Work to complete: Return every line of the records, exact and in full, until you have returned the line with "5月5日中午12:30,北京", and include none of the pictures.

===== Given records

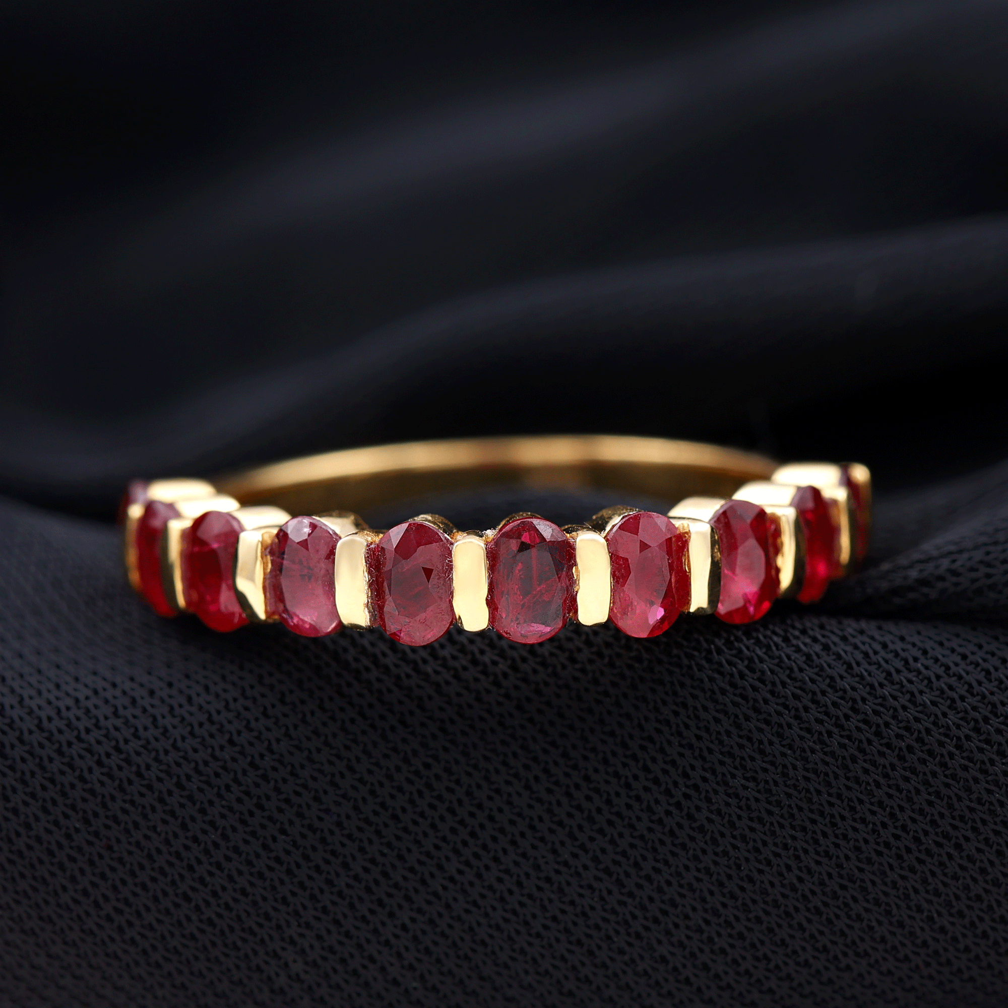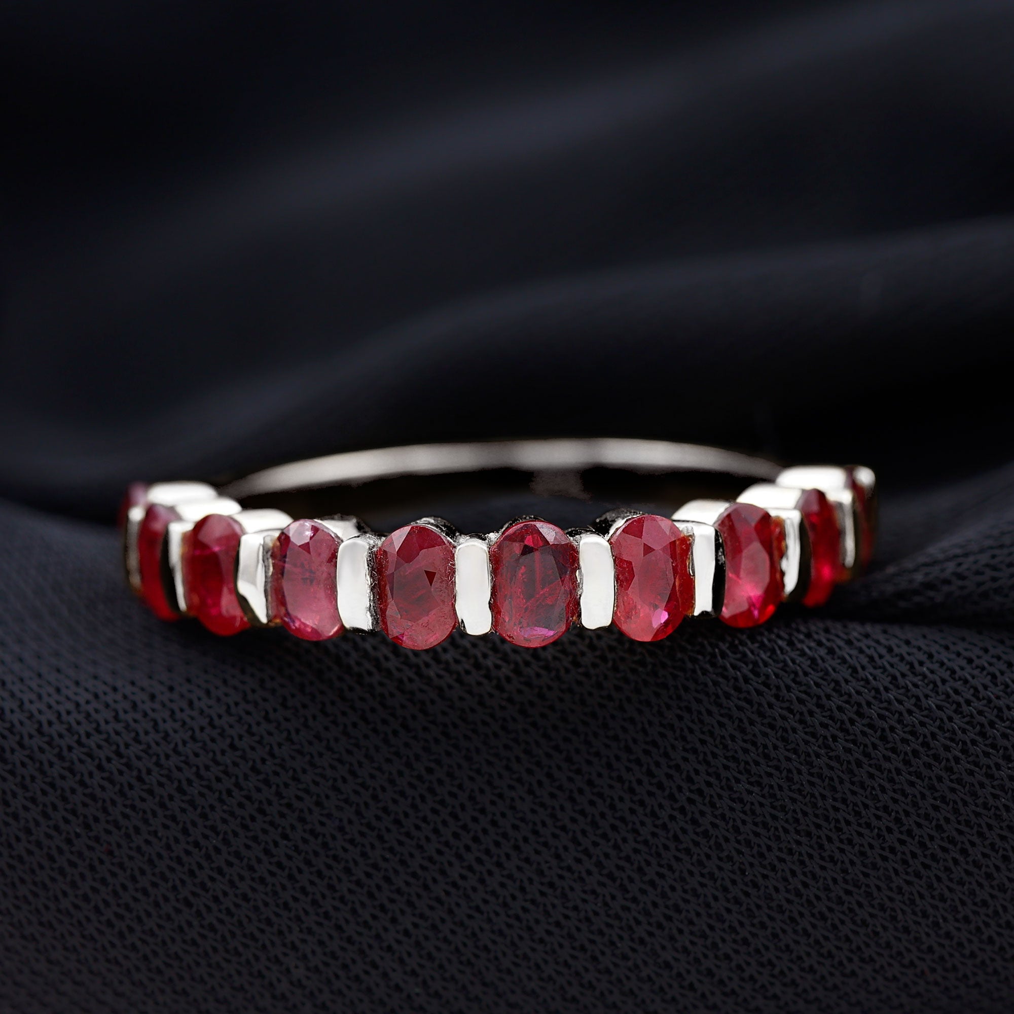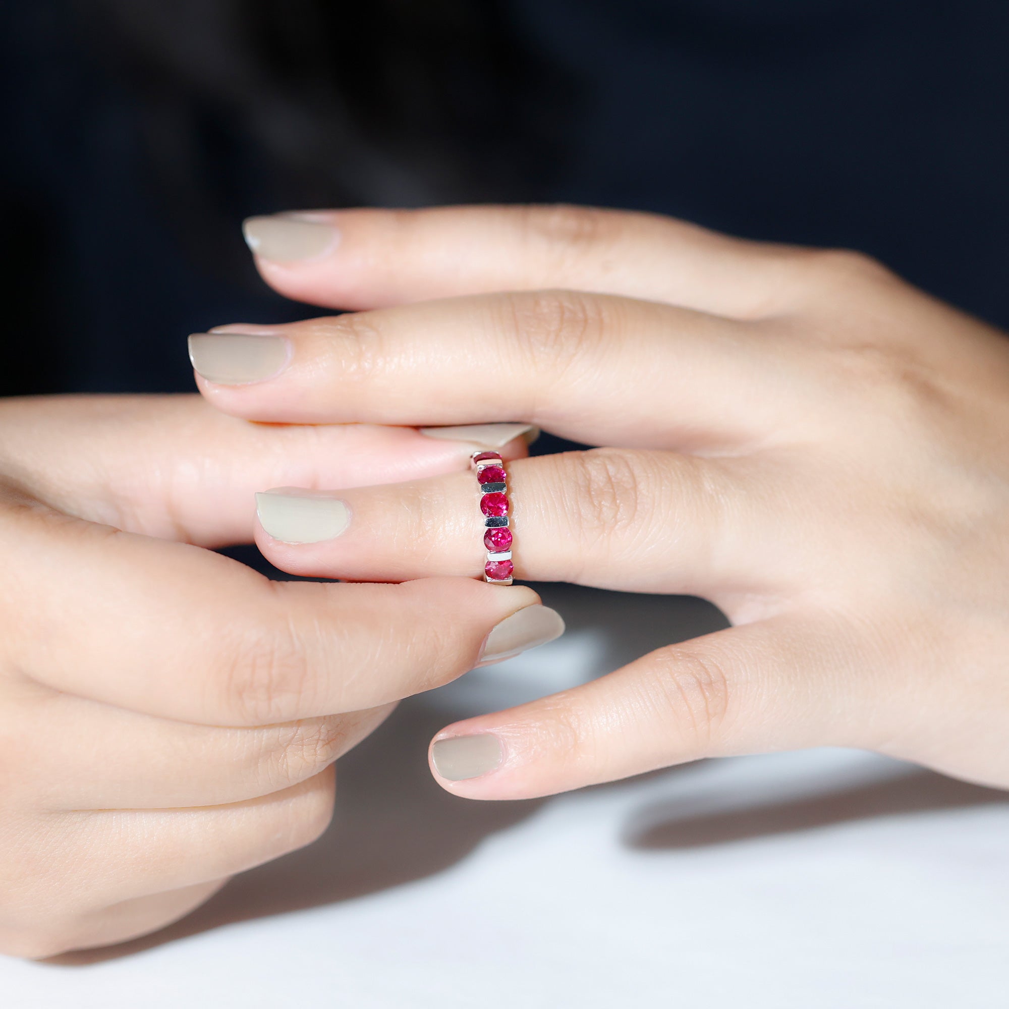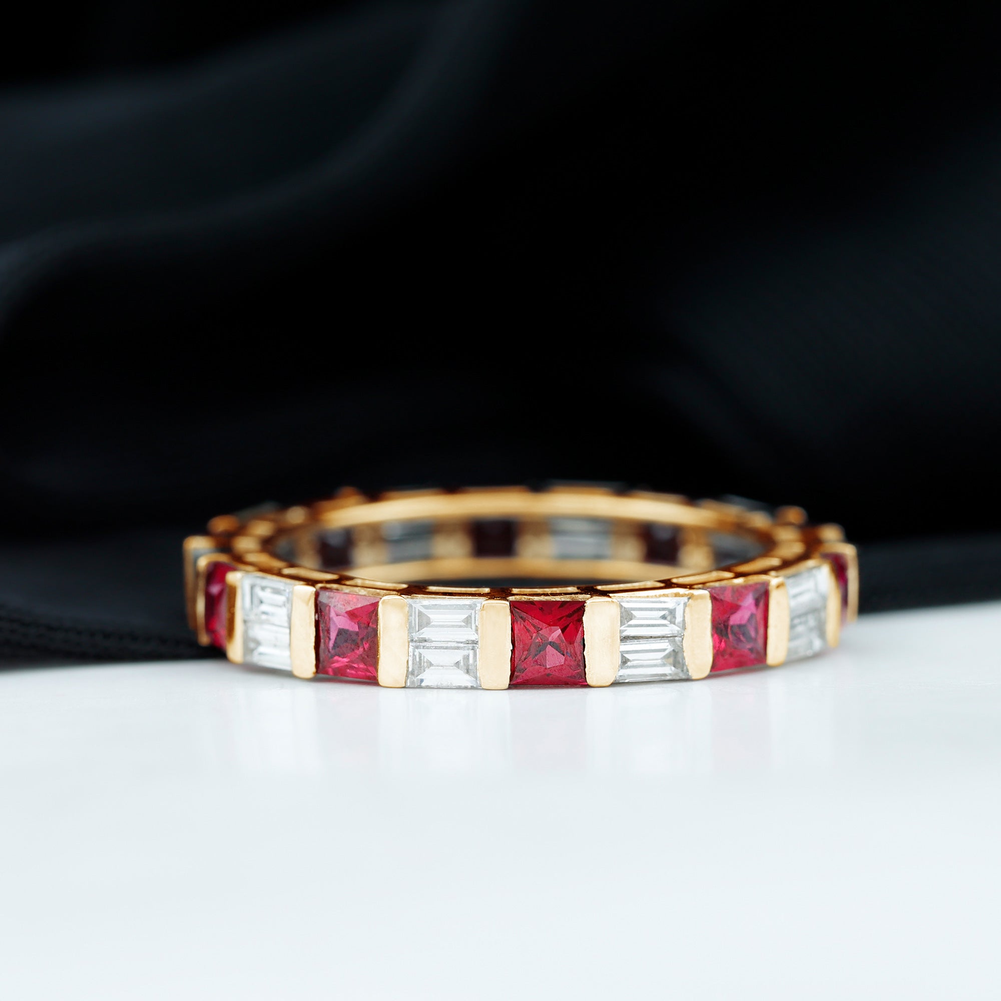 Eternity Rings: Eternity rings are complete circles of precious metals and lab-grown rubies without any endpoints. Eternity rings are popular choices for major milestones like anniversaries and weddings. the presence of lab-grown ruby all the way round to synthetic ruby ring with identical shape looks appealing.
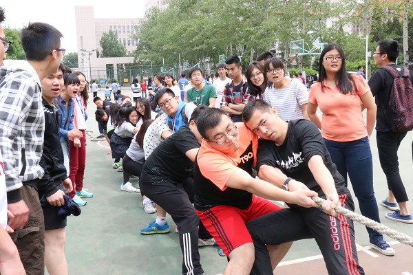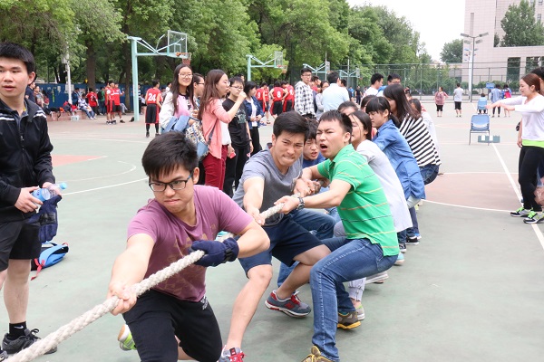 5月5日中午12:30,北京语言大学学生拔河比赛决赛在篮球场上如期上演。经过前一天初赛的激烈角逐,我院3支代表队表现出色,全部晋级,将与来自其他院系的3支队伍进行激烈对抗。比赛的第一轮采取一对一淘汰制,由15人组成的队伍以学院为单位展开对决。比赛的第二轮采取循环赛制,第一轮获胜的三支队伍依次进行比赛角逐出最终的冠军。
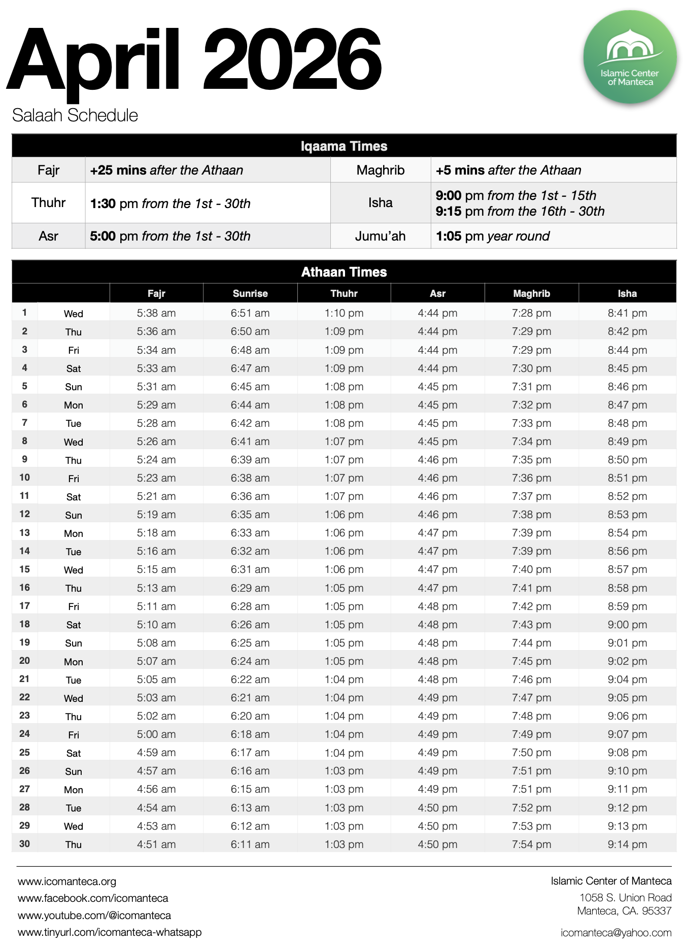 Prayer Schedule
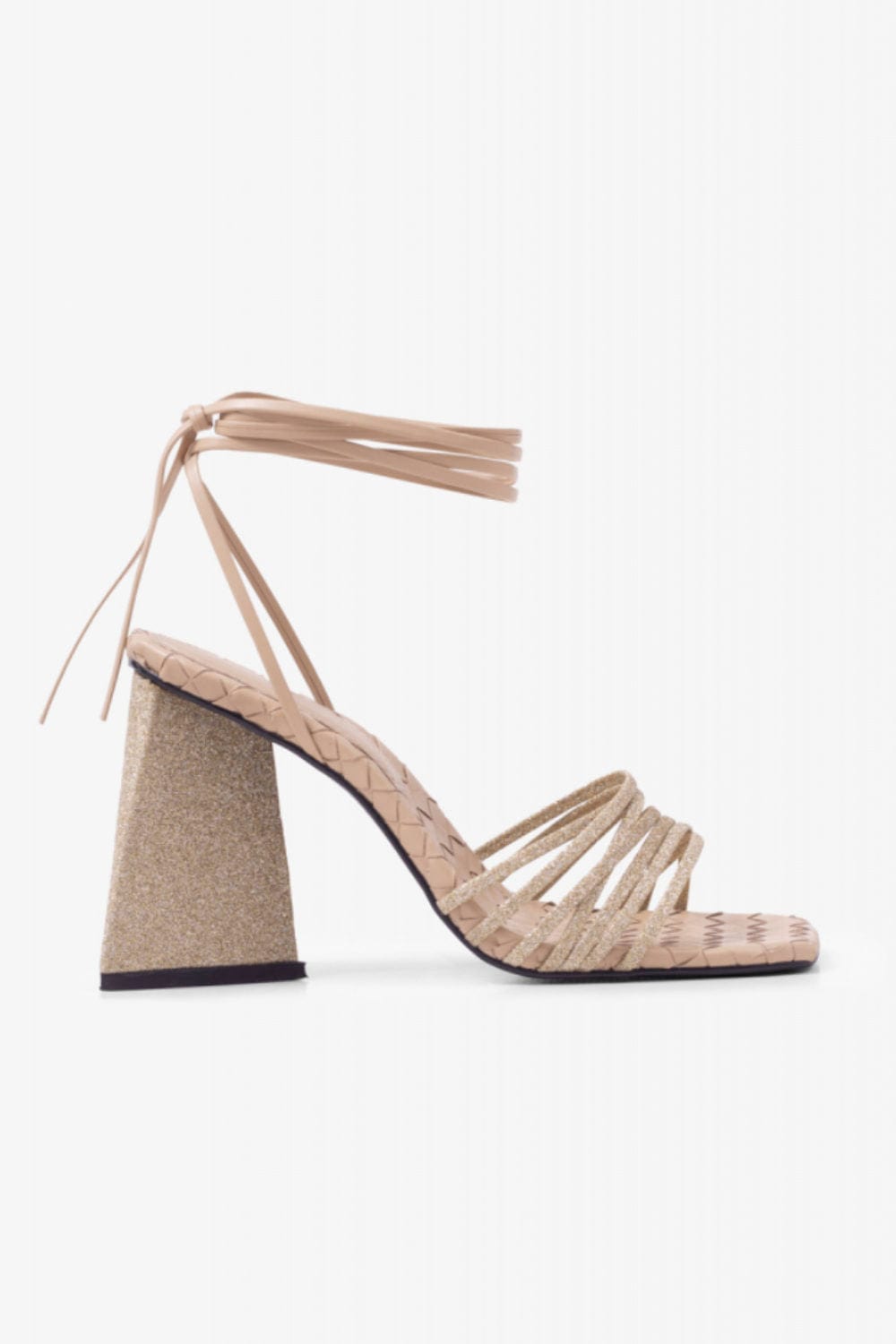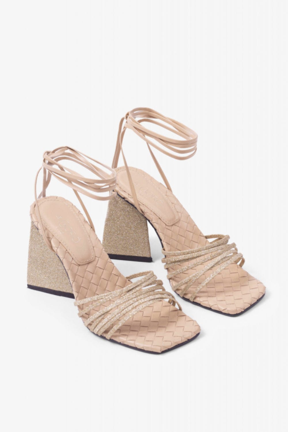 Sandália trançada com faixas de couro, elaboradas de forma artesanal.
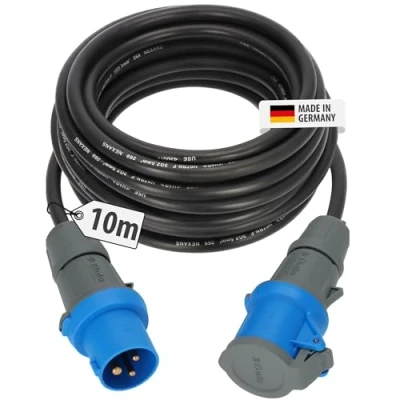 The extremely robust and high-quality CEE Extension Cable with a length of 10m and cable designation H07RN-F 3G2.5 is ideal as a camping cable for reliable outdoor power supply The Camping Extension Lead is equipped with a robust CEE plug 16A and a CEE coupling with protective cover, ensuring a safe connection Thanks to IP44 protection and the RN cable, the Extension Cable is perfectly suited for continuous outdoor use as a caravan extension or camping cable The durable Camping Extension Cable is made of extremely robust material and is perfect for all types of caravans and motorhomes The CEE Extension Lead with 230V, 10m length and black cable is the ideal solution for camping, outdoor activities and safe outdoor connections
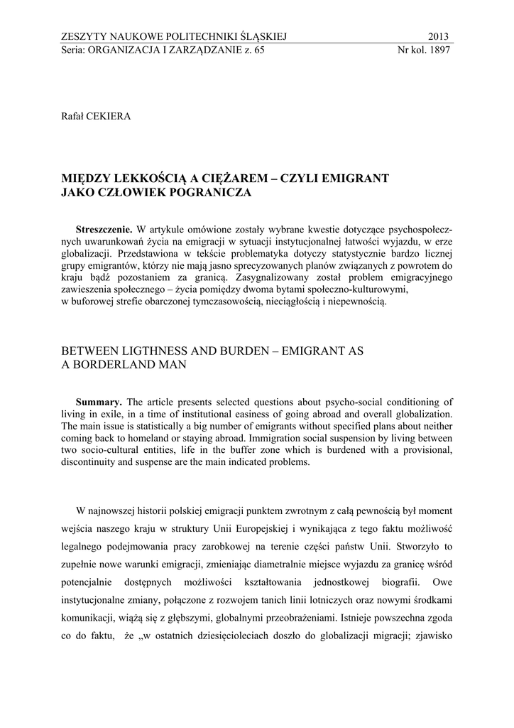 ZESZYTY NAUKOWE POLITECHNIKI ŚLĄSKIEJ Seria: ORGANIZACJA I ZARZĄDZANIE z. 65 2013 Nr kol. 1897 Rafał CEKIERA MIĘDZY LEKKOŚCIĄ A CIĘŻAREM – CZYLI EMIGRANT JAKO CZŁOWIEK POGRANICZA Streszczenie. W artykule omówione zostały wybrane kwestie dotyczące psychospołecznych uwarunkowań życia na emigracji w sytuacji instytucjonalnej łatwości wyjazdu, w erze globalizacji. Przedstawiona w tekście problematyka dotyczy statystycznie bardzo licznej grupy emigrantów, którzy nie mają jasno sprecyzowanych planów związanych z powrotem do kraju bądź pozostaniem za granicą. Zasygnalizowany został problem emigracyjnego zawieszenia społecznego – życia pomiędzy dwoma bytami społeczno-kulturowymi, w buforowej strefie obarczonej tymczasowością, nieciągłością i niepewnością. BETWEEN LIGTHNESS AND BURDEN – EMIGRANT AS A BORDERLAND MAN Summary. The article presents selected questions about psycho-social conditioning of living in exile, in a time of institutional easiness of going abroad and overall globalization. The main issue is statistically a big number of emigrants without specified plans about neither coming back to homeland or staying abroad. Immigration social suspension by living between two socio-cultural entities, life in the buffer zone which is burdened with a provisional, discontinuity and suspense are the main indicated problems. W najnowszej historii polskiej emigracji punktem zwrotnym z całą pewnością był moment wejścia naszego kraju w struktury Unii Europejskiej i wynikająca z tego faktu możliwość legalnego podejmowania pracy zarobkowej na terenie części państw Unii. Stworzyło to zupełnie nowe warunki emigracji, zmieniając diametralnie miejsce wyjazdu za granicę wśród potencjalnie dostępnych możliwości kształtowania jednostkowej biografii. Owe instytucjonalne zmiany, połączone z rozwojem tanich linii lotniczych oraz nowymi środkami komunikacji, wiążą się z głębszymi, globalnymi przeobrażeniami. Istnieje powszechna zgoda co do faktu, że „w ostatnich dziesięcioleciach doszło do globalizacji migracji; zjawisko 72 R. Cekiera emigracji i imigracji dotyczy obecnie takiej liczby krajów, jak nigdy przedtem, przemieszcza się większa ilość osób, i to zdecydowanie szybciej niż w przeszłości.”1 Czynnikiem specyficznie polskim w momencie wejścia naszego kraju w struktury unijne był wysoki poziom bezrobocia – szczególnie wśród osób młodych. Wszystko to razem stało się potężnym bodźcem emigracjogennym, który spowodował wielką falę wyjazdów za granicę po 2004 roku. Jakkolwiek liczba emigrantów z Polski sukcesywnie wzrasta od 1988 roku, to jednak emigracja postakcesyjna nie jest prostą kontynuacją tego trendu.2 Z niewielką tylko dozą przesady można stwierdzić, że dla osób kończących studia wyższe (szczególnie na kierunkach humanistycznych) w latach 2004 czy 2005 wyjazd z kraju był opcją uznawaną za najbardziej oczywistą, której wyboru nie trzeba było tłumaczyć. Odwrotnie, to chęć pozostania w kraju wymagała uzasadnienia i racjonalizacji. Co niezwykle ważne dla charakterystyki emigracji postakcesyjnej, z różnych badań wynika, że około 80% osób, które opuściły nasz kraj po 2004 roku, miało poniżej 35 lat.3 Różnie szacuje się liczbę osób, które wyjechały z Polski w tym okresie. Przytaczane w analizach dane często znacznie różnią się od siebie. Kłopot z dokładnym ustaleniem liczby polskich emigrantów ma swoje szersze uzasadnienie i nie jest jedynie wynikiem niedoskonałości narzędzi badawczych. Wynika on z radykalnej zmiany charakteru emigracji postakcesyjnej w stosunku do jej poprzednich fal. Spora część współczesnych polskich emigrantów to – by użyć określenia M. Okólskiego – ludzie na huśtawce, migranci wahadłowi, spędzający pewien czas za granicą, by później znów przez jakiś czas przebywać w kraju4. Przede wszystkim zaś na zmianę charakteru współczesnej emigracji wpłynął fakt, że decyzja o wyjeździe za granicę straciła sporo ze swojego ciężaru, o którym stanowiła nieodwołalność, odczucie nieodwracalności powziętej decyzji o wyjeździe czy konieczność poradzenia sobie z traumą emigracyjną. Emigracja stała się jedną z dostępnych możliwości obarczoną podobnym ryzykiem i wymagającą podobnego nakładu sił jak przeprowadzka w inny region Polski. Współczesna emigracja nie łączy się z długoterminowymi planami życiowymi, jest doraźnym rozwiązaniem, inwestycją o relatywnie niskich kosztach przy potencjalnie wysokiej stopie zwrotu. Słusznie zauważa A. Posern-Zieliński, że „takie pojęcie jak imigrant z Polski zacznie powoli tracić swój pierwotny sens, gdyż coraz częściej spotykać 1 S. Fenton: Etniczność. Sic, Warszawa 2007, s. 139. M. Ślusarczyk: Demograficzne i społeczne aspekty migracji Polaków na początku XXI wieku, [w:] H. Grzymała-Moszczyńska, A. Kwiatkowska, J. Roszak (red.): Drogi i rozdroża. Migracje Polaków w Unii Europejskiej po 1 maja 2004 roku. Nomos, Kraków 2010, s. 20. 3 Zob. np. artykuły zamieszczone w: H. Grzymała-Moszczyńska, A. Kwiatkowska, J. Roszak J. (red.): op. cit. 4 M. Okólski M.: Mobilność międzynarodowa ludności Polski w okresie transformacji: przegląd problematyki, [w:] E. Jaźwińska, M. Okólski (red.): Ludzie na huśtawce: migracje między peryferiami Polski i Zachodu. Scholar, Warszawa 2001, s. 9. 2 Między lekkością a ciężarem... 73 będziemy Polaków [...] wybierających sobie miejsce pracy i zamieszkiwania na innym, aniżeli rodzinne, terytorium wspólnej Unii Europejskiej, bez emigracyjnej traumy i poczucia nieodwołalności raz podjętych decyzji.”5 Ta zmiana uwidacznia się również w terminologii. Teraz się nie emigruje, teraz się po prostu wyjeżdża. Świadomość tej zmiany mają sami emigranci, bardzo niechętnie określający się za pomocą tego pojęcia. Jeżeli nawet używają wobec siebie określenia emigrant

==========

Result of this task:
 Eternity Rings: Eternity rings are complete circles of precious metals and lab-grown rubies without any endpoints. Eternity rings are popular choices for major milestones like anniversaries and weddings. the presence of lab-grown ruby all the way round to synthetic ruby ring with identical shape looks appealing.
 5月5日中午12:30,北京语言大学学生拔河比赛决赛在篮球场上如期上演。经过前一天初赛的激烈角逐,我院3支代表队表现出色,全部晋级,将与来自其他院系的3支队伍进行激烈对抗。比赛的第一轮采取一对一淘汰制,由15人组成的队伍以学院为单位展开对决。比赛的第二轮采取循环赛制,第一轮获胜的三支队伍依次进行比赛角逐出最终的冠军。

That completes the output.